'Spring Sting' boxer fights for a cause — his city’s youth

By Guy N. Limbeck

Post-Bulletin, Rochester MN

Sure, Travis Walker wants to be an elite heavyweight boxer for personal success. But he also wants to give back.

Walker, a native of Tallahassee, Fla., has been training in Rochester for more than a week for his fight at Graham Arena on Saturday against Earl Ladson as part of the "Spring Sting" card. Walker takes a 27-1-1 record into the bout against Ladson (13-18-1).

Walker is the ninth-ranked heavyweight in the world in the WBC. He admits Saturday’s bout against Ladson is more of a tuneup.

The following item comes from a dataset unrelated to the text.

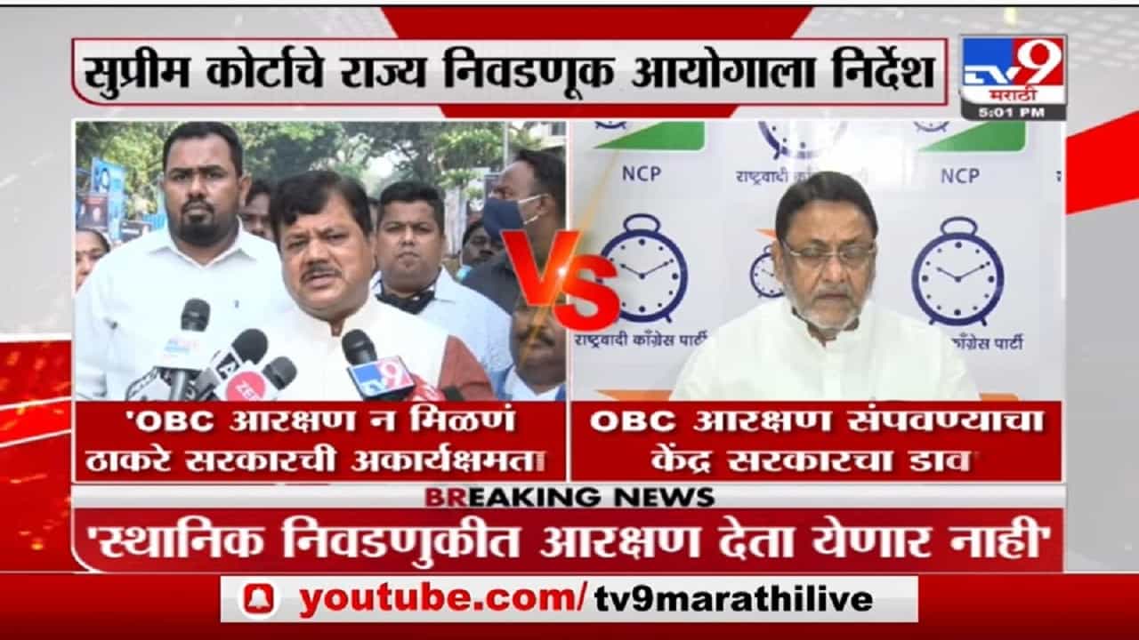 मुंबई : ओबीसींच्या राजकीय आरक्षणाच्या (OBC Reservation) मुद्द्यावरुन महाविकास आघाडी सरकारला (Mahavikas Aghadi Government) मोठा झटका बसलाय. स्थानिक स्वराज्य संस्थांच्या निवडणुकीत (Local Body Elections) ओबीसी समाजाला 27 टक्के आरक्षण देता येणार नाही, असं आदेश सर्वोच्च न्यायालयाने (Supreme Court) राज्य निवडणूक आयोगाला दिले आहेत. या पार्श्वभूमीवर अल्पसंख्याक विकास मंत्री नवाब मलिक यांनी सर्वोच्च न्यायालयाच्या या आदेशाचा स्थानिक स्वराज्य संस्था निवडणुकीत काय परिणाम होणार याचा अभ्यास केला जाईल, असं सांगितलं आहे. तसंच ओबीसी आरक्षणाशिवाय निवडणूक नको ही आमची भूमिका स्पष्ट असल्याचंही मलिक म्हणाले. अन्य राज्यात असे कायदे आहेत, त्या धरतीवर हा कायदा बनवला होता. पक्ष आणि सरकारची भूमिका स्पष्ट आहे. मंडल आयोगाच्या शिफारशीनुसार 27 टक्के आरक्षण दिले, त्याला कोर्टाने मान्यता दिली होती. पण राजकीय आरक्षणाबाबत नवीन वाद निर्माण केला जात आहे. आमच्या पक्षाची भूमिका कोणत्याही आरक्षणाला बाधा येऊ नये अशीच आहे, असं मलिक म्हणाले.

"It’s a work fight, a stay-busy fight," Walker said. "But you take nobody lightly."

The 28-year-old Walker grew up playing football in Tallahassee. He figured that his future was in sports, so when football didn’t work out, he turned to boxing at age 21. He didn’t turn pro until he was 24, but he still has lofty expectations.

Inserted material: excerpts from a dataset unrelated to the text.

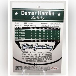 🏈🏈 Damar Hamlin 2021 Sage Premier Draft Rookie Card "Red"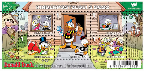 Compie 70 anni il magazine olandese dedicato a Paperino e per l’occasione le poste dell’Aia hanno fatto coincidere l’anniversario con la consueta emissione di beneficenza a favore della gioventù. Il ciclo è iniziato negli anni Venti dello scorso secolo con francobolli caratterizzati da sovrattassa. Quest’anno le donazioni andranno all’organizzazione Stichting Kinderpostzegels Nederland che si occupa di progetti di sostegno a giovani e bambini in difficoltà. In questa occasione mobilitati migliaia di studenti delle scuole primarie per vendere a scopi benefici prodotti diversi come borse, cartoline, biglietti augurali, persino cerotti in tema. Naturalmente anche francobolli. Sono cinque gli allegri valori inclusi nel foglietto che, una volta di più, nobilitano la funzione classica del fumetto. In questo caso, postale e solidale.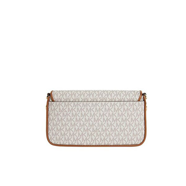該包採用翻蓋設計,包面以經典的老花圖案點綴,搭配金屬質感的 MK Logo,彰顯出品牌的高貴氣質。mk 斜背包材質選用優質皮革,質感細膩且耐用,手感舒適。包包底部設置有肆個保護腳釘,有效防止磨損,保護包包不受損傷。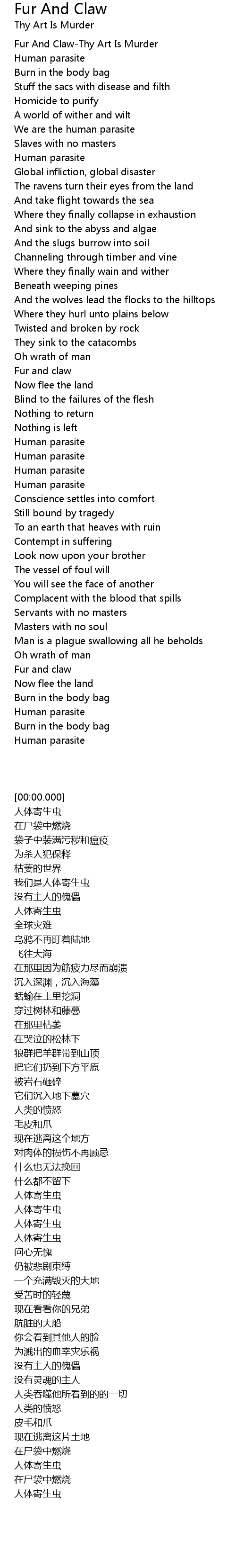 Fur And Claw-Thy Art Is Murder |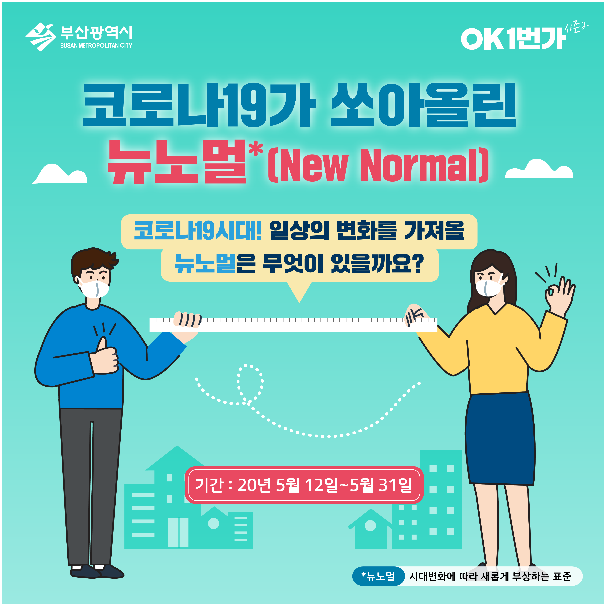 부산시 관계자는 “코로나19에 따른 ‘사회적 거리두기’가 ‘생활속 거리두기’로 전환되면서 시민들의 사회·경제활동이 재개되었고 코로나19 이전의 일상과는 다른 뉴노멀이 펼쳐지고 있다”라면서, “이번 온라인 토론을 통해 일상과 생활방역이 조화롭게 이루어지는 새로운 일상을 시민들과 공유하며 포스트 코로나에 대비해 나가겠다”라고 말했다.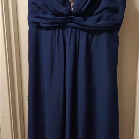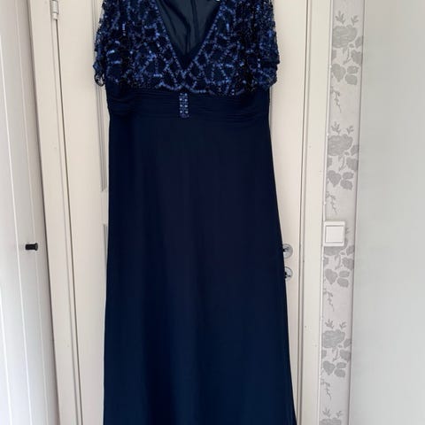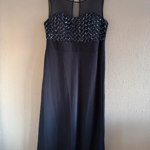 Selger en nydelig, mørkeblå selskapskjole i størrelse 50.
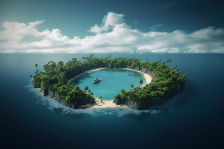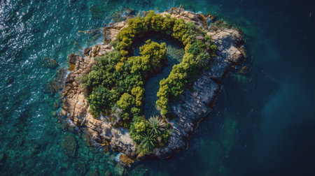 heart-shaped island in the ocean, featuring nature-inspired camouflage. this captivating photo showcases the beauty of italian landscapes with minimalist backgrounds. the contrasting colors of dark white and teal create a visually stunning composition. a perfect example of documentary travel photography, capturing the essence of coastal and harbor views. the light gold and azure tones add a touch of elegance to this breathtaking image. ai generated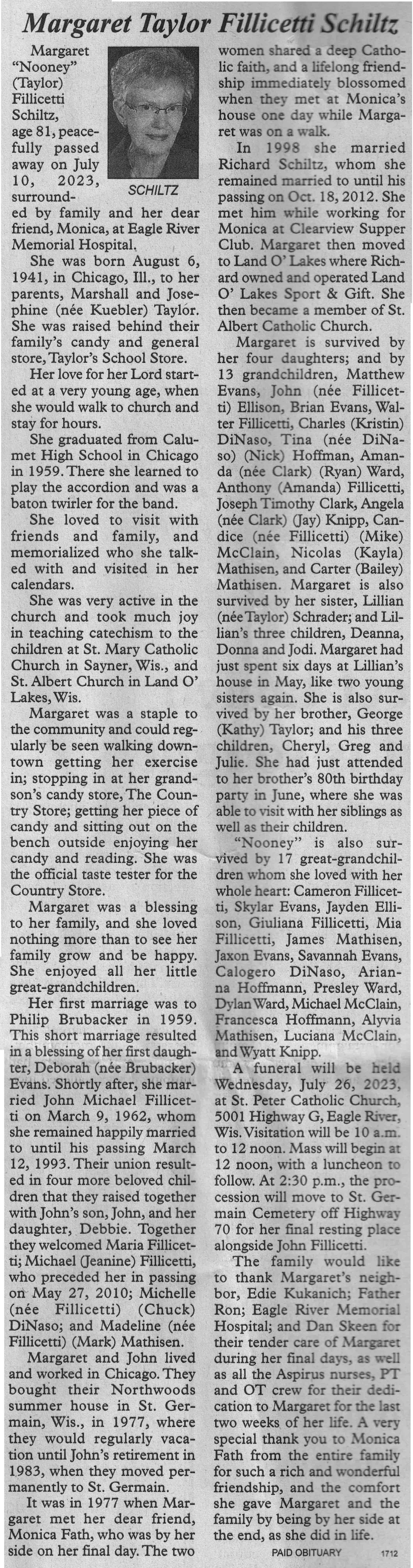 | Schlitz | Margaret (Taylor) | 06 Aug 1941 | 10 Jul 2023 | VNCR | 26 Jul 2023 | 4A |

"The goal is to make it to the top and help my family," Walker said. "Also to help my city."

He would like to build a youth center in Tallahassee, a city of about 200,000.

"It would be great to have a place where they could all get together," he said of the city’s youth.

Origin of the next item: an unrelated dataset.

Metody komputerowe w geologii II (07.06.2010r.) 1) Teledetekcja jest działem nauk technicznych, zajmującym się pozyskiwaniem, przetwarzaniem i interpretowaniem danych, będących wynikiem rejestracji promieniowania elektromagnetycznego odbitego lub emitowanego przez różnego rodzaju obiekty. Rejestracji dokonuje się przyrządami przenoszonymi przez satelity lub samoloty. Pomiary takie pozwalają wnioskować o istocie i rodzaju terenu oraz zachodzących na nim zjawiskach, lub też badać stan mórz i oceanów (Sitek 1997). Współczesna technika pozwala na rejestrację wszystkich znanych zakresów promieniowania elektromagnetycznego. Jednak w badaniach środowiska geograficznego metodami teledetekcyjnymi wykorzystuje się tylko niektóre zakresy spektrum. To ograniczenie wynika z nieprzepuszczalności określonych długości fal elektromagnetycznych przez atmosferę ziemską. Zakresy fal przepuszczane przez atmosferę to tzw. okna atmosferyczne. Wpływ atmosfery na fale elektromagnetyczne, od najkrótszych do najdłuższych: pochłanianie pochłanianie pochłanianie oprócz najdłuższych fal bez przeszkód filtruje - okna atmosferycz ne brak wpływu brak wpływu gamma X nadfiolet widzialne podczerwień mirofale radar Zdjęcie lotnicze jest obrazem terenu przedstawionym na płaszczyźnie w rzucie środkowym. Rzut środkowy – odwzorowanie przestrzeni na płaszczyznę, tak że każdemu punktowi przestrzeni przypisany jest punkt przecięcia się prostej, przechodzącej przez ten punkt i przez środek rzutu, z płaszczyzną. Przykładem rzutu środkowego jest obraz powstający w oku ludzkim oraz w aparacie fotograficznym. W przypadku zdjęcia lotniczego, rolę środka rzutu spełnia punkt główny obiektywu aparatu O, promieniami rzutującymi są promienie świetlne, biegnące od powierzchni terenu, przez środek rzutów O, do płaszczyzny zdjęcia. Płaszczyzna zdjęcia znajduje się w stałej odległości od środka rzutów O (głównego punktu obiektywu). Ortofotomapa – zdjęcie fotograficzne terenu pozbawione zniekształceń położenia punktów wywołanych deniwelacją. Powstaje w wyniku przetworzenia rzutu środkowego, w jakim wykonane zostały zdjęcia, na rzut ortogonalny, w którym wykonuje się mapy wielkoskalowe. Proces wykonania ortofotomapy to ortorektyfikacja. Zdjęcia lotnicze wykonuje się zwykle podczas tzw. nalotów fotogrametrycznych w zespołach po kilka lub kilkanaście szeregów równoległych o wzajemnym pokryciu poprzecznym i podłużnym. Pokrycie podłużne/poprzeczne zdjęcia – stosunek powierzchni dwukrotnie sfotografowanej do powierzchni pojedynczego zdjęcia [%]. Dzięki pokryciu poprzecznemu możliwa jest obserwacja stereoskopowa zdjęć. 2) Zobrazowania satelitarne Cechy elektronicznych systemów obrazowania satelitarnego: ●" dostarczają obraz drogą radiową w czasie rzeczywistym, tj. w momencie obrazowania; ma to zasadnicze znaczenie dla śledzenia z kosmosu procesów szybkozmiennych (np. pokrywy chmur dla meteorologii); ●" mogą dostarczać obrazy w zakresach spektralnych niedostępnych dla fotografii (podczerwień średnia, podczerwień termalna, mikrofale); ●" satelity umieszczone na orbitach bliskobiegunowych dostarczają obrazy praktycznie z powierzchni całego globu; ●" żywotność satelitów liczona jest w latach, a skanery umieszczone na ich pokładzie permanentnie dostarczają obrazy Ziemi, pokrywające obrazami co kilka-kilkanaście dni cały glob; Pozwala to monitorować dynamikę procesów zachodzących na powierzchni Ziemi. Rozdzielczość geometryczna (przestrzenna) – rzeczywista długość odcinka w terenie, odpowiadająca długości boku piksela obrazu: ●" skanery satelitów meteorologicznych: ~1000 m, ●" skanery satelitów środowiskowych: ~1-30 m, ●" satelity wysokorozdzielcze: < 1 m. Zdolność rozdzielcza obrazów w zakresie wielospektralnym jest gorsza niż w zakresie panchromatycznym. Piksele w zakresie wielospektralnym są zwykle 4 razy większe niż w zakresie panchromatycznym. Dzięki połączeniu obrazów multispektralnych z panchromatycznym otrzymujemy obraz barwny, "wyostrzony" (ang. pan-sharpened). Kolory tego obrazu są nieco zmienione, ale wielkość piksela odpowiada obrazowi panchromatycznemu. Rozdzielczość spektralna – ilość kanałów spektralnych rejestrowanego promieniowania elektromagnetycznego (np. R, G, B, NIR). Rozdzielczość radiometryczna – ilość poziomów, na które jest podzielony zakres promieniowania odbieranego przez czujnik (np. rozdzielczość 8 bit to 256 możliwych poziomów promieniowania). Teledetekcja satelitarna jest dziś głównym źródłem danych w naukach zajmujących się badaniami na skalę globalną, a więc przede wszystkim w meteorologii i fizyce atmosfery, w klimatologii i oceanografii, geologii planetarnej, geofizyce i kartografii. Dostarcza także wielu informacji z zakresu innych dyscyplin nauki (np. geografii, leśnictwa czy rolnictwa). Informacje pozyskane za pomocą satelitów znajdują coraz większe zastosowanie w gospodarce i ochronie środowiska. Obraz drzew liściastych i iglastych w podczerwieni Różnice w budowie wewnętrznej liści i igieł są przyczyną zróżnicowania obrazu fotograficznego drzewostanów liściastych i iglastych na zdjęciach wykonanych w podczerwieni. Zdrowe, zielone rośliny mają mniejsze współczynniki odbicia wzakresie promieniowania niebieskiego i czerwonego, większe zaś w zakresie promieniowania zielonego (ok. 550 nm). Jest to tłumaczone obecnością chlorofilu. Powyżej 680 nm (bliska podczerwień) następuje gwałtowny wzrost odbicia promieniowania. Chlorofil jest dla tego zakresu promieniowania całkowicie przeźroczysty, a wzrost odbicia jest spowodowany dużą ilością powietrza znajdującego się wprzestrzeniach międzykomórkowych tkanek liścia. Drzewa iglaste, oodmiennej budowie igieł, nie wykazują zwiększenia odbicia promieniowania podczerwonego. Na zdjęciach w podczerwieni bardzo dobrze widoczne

Walker, who is 6-foot-41⁄2 and fights at about 240 pounds, hopes to land a big fight this summer, possibly in July, that would air on television.

He currently lives in Houston, Texas, but he travels to numerous locations to train. He came to train and fight in Rochester because of Raphael Butler. Rochester’s Butler and Walker both have the same manager — Steve Manisteri of Houston.

"We’ve had some pretty intense sparring," Walker said about Butler.


Walker also said he has been doing some different training exercises at Fourth Street Gym, some of which he might continue to use in the future.

Walker also hopes his future includes a chance to fight for the heavyweight title. Such a payday for Walker would most likely benefit the youth of Tallahassee.